Grand Traverse County delays 911 hike proposal
July 23, 2002
It will cost county more than $50,000 to conduct special election
TRAVERSE CITY, Mich. — With the Nov. 5 election ballot already filling up with local tax proposals, officials in Grand Traverse County have decided to wait until spring to ask voters to increase 911 surcharges up to 16 percent to pay for a new emergency services radio system.
The county is targeting May 6 for a special county election on increasing the surcharge on local telephone bills to pay for an estimated $8 million upgrade to the county’s police/fire radio system and to operate the county’s central dispatch center.
The county already collects a 4 percent 911 operational surcharge on local phone bills – about 80 cents a month – which is the maximum that a county can collect without voter approval. Another 16 percent would add about $3.20 to monthly phone bills, totaling up to $4 per month that would go to the county from local phone bills. There are also 911 fees collected through the state on cellular and digital telephone accounts and eventually turned over to the county. Those would not be affected by the 911 fees collected on wired phone lines.

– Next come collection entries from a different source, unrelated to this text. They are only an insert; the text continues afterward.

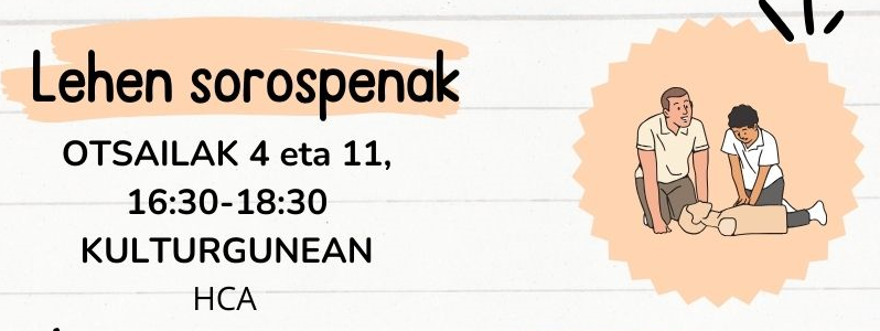 Otsailak 4 Asteazkena 16:30 HCA elkarteak eskainiko du lehen sorospen ikastaroa, Kulturgunean izango da, 16:30etik-18:30era. Zaintza eta xuxurlatzaile zerbitzuak eskainiko dira. Ekitaldi mota Bestelakoa
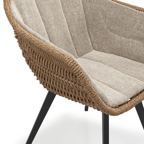 Pagino tuinstoel in zwart aluminium en bruin ronde wicker met zitkussen in All Weather Sunbrella® Luxe Chartres Pewter | Exterioo
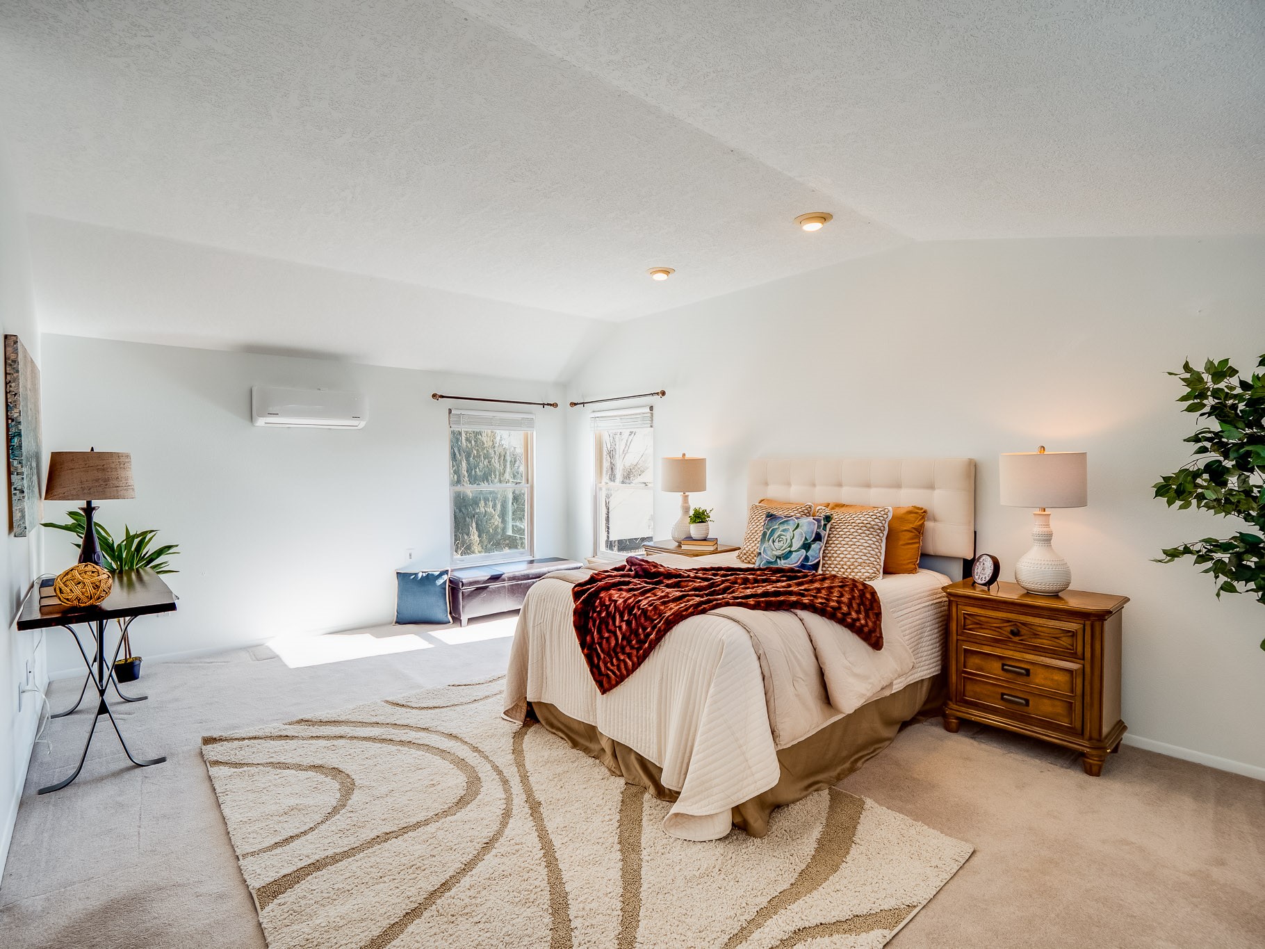 Situated on a desirable corner lot in North Mesa, this beautiful two-story home offers exceptional curb appeal with a large grassy front yard and mature trees lining the welcoming front entrance, providing shade as well as privacy. Step inside the foyer and descend a few steps into the bright, open living room, where rich engineered wood floors extend throughout the main living spaces. Vaulted ceilings enhance the sense of space and light, creating an inviting atmosphere ideal for both everyday living and entertaining. The living room flows seamlessly into the dining area, thoughtfully divided from the kitchen by open glass shelving that adds architectural interest while maintaining an open-concept feel. The kitchen has light colored cabinetry and abundant quartz counter space, including a peninsula island with bar seating. Stainless steel refrigerator and a gas oven/range, and there is convenient access to the oversized two-car garage. Adjacent to the kitchen, the family room features vaulted ceilings and a dramatic floor to ceiling stone wood burning fireplace, serving as a warm and striking focal point. From here, step outside to the covered deck overlooking the fully fenced backyard with mature trees, and ample space for gardening and outdoor dining. The main level also includes three nicely sized carpeted guest bedrooms, a guest bathroom with a walk-in tiled shower featuring a luxurious shower panel and single-sink vanity, along with a dedicated laundry room and additional storage closet. Upstairs, the home is fully carpeted and features a cozy loft perfect for relaxing or reading, as well as a versatile bonus room that could serve as a hobby space, office, or additional bedroom. Spacious primary en-suite bedroom with a large walk-in closet and a spa-like bathroom complete with a double-sink vanity, tile flooring, and a deep soaking tub. Located near parks, horse stables and trails, book your tour of this move-in ready home and experience what it has to offer!
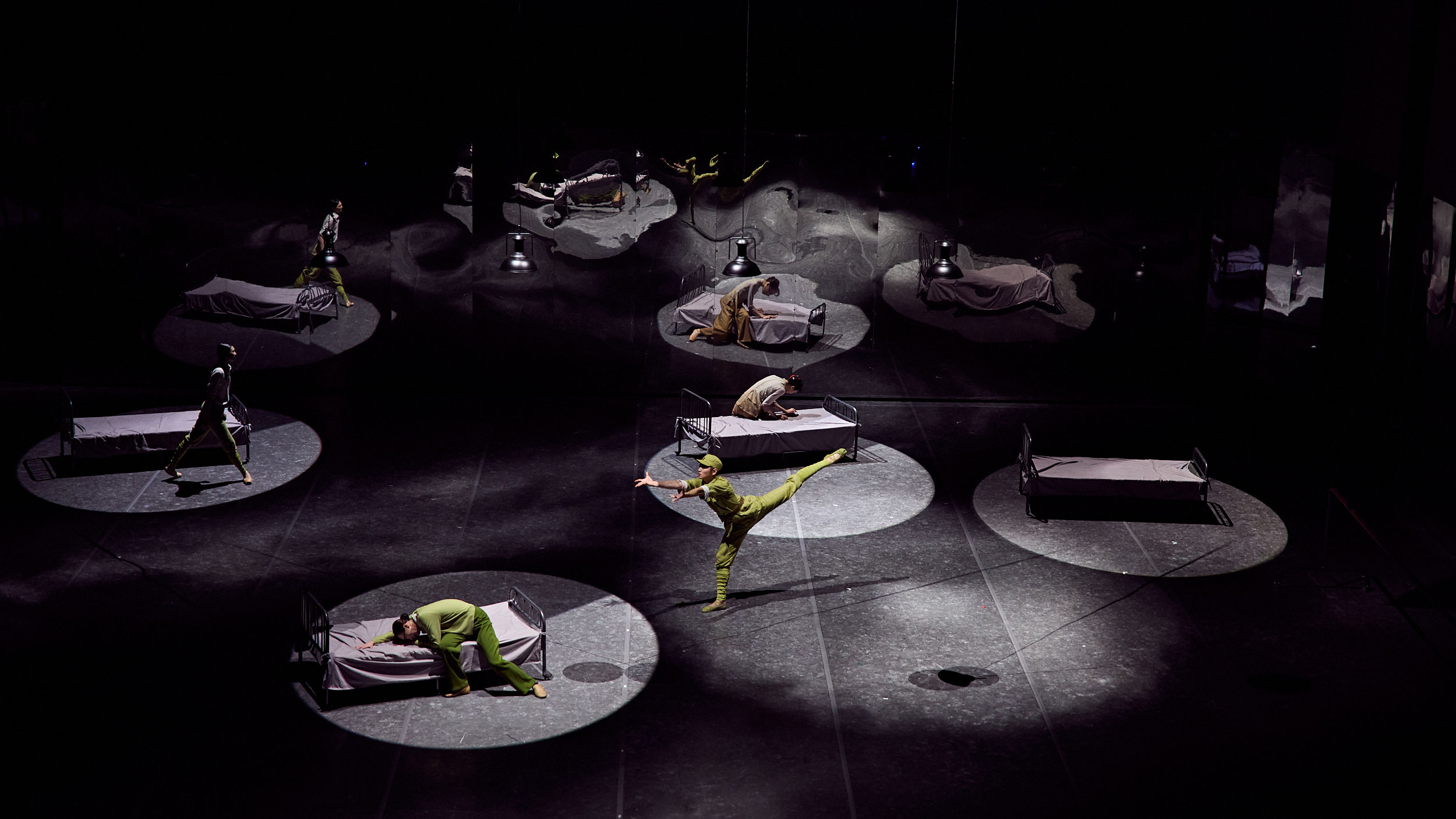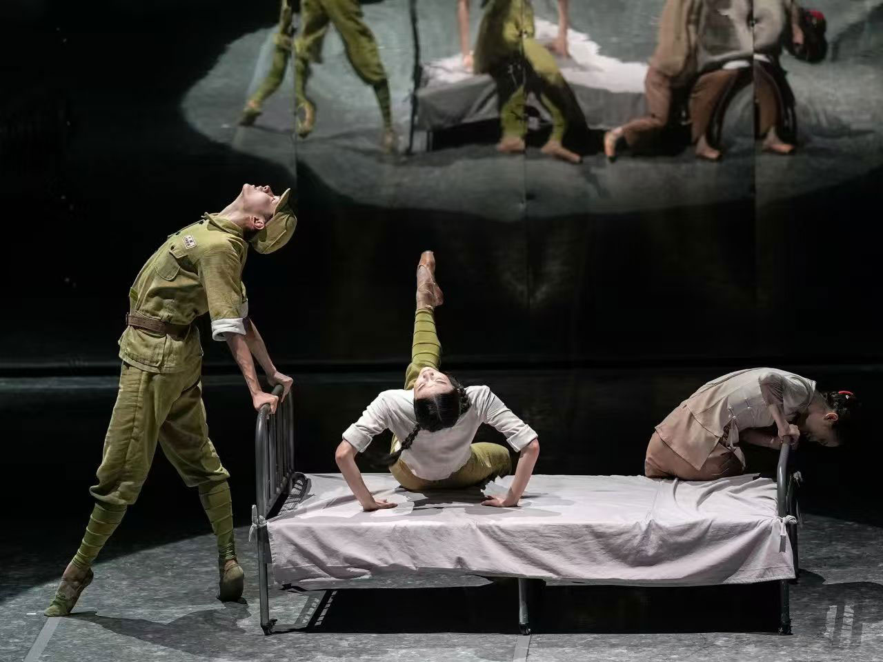 在编导王舸精心构筑的倒叙空间里,舞剧从中年“大姐”的回忆切入,通过交错的现实与记忆空间铺展青春叙事,让现实与回忆交织。“大姐”青年与中年时期的身影在虚实交错的舞台上转换,展现了她一生的关键时刻,以及与通讯员、新媳妇和其他战士之间的情感。轻喜剧般的灵动舞蹈勾勒出军民鱼水情,却在最温柔的瞬间,让观众感受到战争的无情与和平的珍贵。
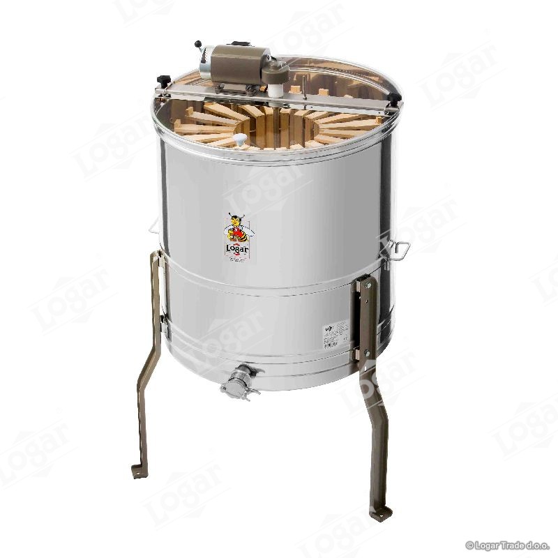 Točilo za radialno točenje 20 satnikov z reduktorskim motorjem 110W / 230V in varnostnim stikalom, ki ustavi delovanje motorja, če odpremo pokrov točila. Najmodernejša tehnologija nam omogoča inovativno izdelavo dna točila. Dno soda je varjeno brez notranjih robov in je nagnjeno proti izpustu. Nerjaveča odtočna pipa je vgrajena na najnižjo točko, da lahko ves med odteče iz točila. Vsi deli točila, ki pridejo v stik z medom, so izdelani iz materialov, ki so primerni za prehrano. Pokrov točila je izdelan iz prosojnega akrilnega stekla. Posebna konstrukcija nog omogoča stabilno postavitev točila.

Each 4 percent increase in the surcharge raises about $500,000 a year, officials said.
Originally, officials considered putting the question on the November ballot. They decided that a separate election would be a better option because of a county bus millage sought by the Bay Area Transportation Authority in November, plus some potential township tax proposals. It will cost the county more than $50,000 to conduct the special election.
Some surcharge advocates also said they needed more time to take their case to the voters. Several Michigan counties have waged successful 911 fee campaigns in recent years but needed at least five months to organize their public education efforts, said Jamel Anderson, Central dispatch director.
“We need to emphasize that 911 is a benefit to everyone, and we want to keep our response times short,” Anderson said. “We have some catching up to do.”
The county is looking at an $8 million overhaul next year of its 13-year-old VHF highband radio system. Officials have decided against converting for now to the 800 MHz radio system used by the state police and other state agencies because local fire departments can’t use it for mobile paging of part-time firefighters.
But the radio system upgrade will enable the county to add several features, including mobile laptop data terminals for deputies to provide nearly instantaneous information on things like vehicle registrations or criminal backgrounds on suspects. The new equipment also allows the dispatch center to track emergency vehicles at all times along with an enhanced mapping system to give emergency personnel betters specifics on the locations of 911 calls.
Besides the radio upgrade, the county wants to begin paying all dispatch center operational costs with 911 fees. The department has an annual budget of about $1.25 million, which includes a $700,000 appropriation from the county’s general fund. Paying for the entire dispatch operation with 911 monies would free up general fund dollars for other departments or services, officials said.
Local officials are confident the proposed fee increase, although significant, will gain the public’s support if the proposal is fully laid out for voters – and if it’s not competing with other local tax increases at the same time.
“I think we’re going to get one shot (at passing the millage),” said state police Lt. Mark Stewart, chairman of the county’s Central Dispatch Board. “We need to make sure we do it right.”